The shipped feature set is unusually workflow-heavy for a free tier:
- Free access to advanced models, per thekaransinghal's feature list
- Clinical search over trusted sources, per thekaransinghal's feature list
- Reusable skills for repeatable workflows, per thekaransinghal's feature list
- Deep research across medical literature, per thekaransinghal's feature list
- CME credit, per thekaransinghal's feature list
- Privacy controls with no model training, plus optional HIPAA support, per thekaransinghal's feature list
That mix makes this look less like a vertical chatbot skin and more like a constrained work surface for search, paperwork, and literature review.
HealthBench Professional
OpenAI says the benchmark covers the same three categories as the product launch: care consults, writing and documentation, and medical research, according to the HealthBench Professional announcement. The stated goal in OpenAI's launch post is to measure realistic clinical chat workflows rather than narrow medical QA.
The benchmark design details are the more interesting part:
- Physician-authored conversations, per thekaransinghal's design post
- Physician-written rubrics, per thekaransinghal's design post
- Multi-stage adjudication and data filtering, per thekaransinghal's design post
- Multiple-physician verification, per thekaransinghal's benchmark criteria
- Deliberate physician red teaming in about one-third of examples, per thekaransinghal's design post
- A 3.5x enrichment toward the hardest conversations for OpenAI's models, per thekaransinghal's design post
- Physician-written reference responses for every example, written by specialty-matched physicians with unbounded time and web access, per thekaransinghal's reference-response note
One immediate community reaction, from iScienceLuvr's post, was relief that OpenAI published a healthcare benchmark alongside the product at all. In follow-ups, iScienceLuvr on Medmarks costs and iScienceLuvr on benchmark expense noted that serious medical benchmark suites are expensive to run, which helps explain why comparable public evaluations are still sparse.
HealthBench scores
OpenAI's headline result is that GPT-5.4 inside ChatGPT for Clinicians beat base GPT-5.4, other OpenAI and external models, and physician-written responses on HealthBench Professional, according to thekaransinghal's results post. Ethan Mollick's post adds the obvious caveat: the benchmark is open, but it was designed by OpenAI.

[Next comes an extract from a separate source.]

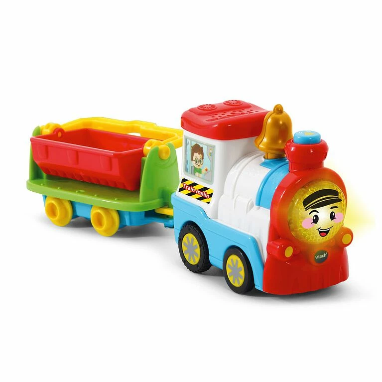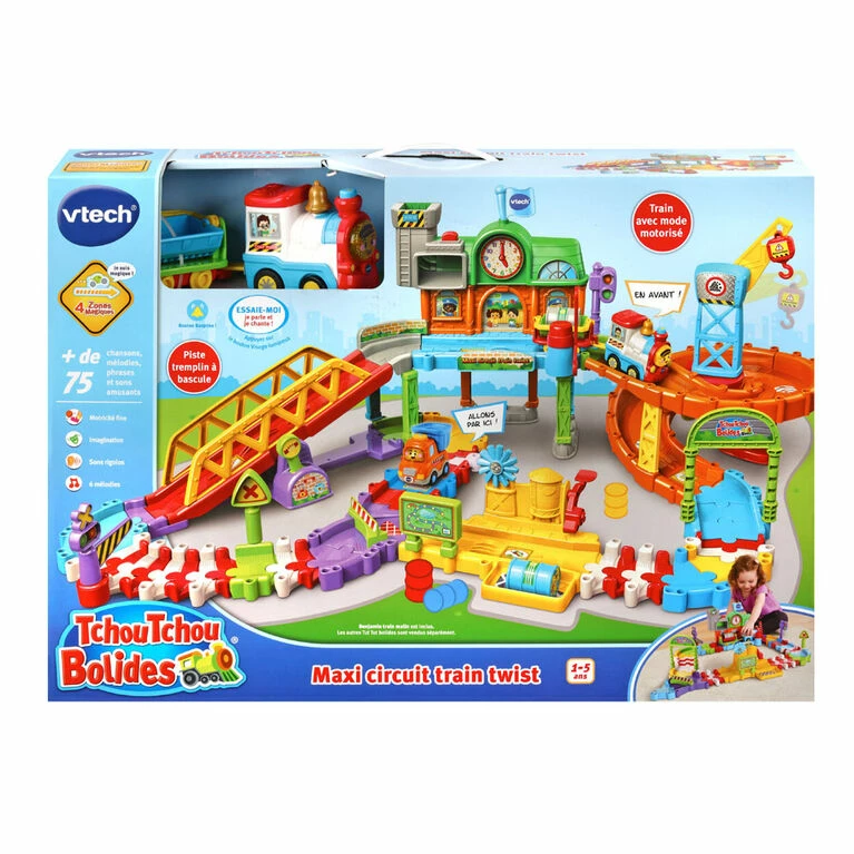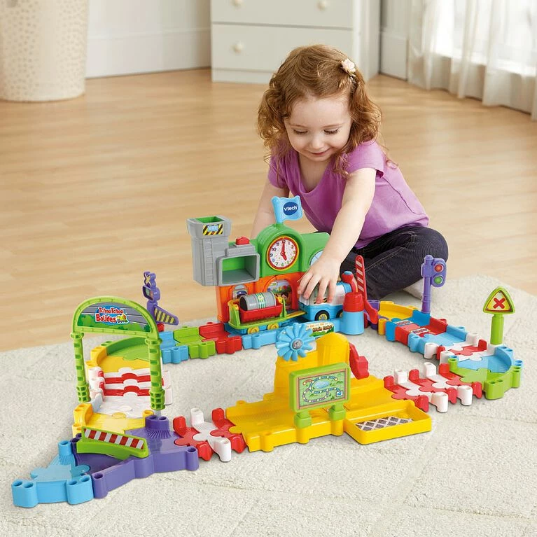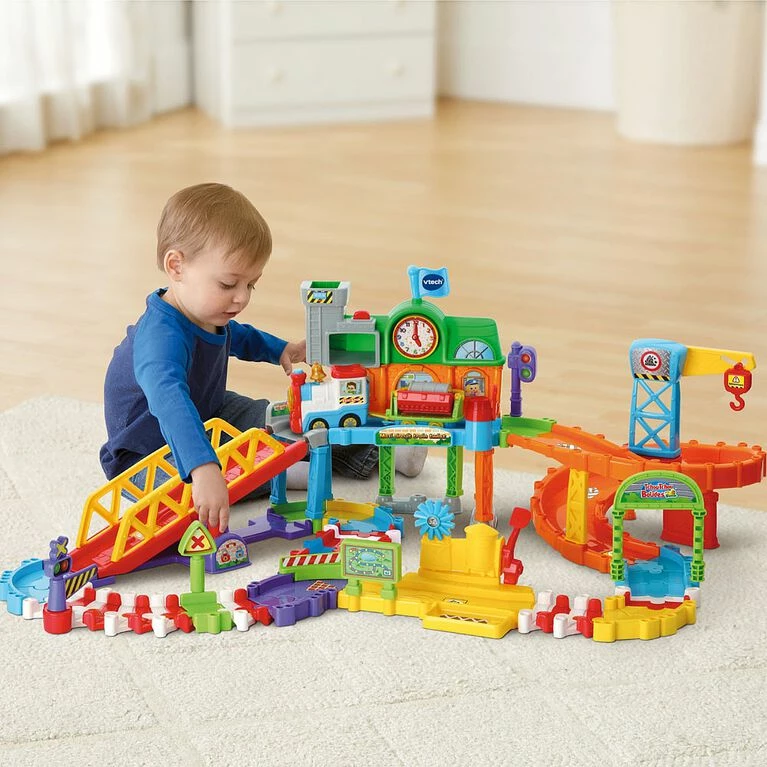 All aboard for loads of fun with the Go! Go! Smart Wheels Roadmaster Train Set. There are so many ways to play! Bendable tracks allow multiple configurations, and four SmartPoint locations and mechanical switches keep kids engaged. Choo-choo along with the motorized Freight Train with the detachable cargo car to haul the water drum from the station. Franklin the Freight Train powers himself up and down the ramp and the teeter totter bridge for multilevel play. Lift the cargo basket with the water drum once Franklin reaches the crane, then send the train back to the water depot. Enjoy trainmaster, role-play fun! Intended for ages 1-5 years. Requires 3 AAA batteries. Batteries included for demo purposes only, new batteries recommended for regular use.

Mollick's screenshot is useful because it shows the slices OpenAI chose to expose publicly: good-faith difficult cases, good-faith typical cases, red-teaming difficult cases, and specialty breakdowns across areas including nephrology, psychiatry, neurology, dermatology, cardiology, anesthesia, orthopedics, heme-onc, pediatrics, and OB-GYN.
There is already one sign the benchmark is escaping the launch post. In Thom Wolf's thread about Hugging Face agents, he said an external agent-training setup generated 1,100 synthetic HealthBench examples, upsampled them 50x, and beat Codex by 60% on the benchmark. That makes HealthBench look less like a marketing chart and more like fresh eval terrain for post-training systems.
Health review loop
The last detail worth bookmarking is the process claim behind the launch. thekaransinghal's health training note says an OpenAI health response is reviewed by a physician every few minutes, and that health is included in every major stage of model training.
That line does two things the product page alone does not. It ties the clinician-facing surface to an ongoing physician review pipeline, and it suggests OpenAI is treating health as a standing eval and training track rather than a one-off vertical launch.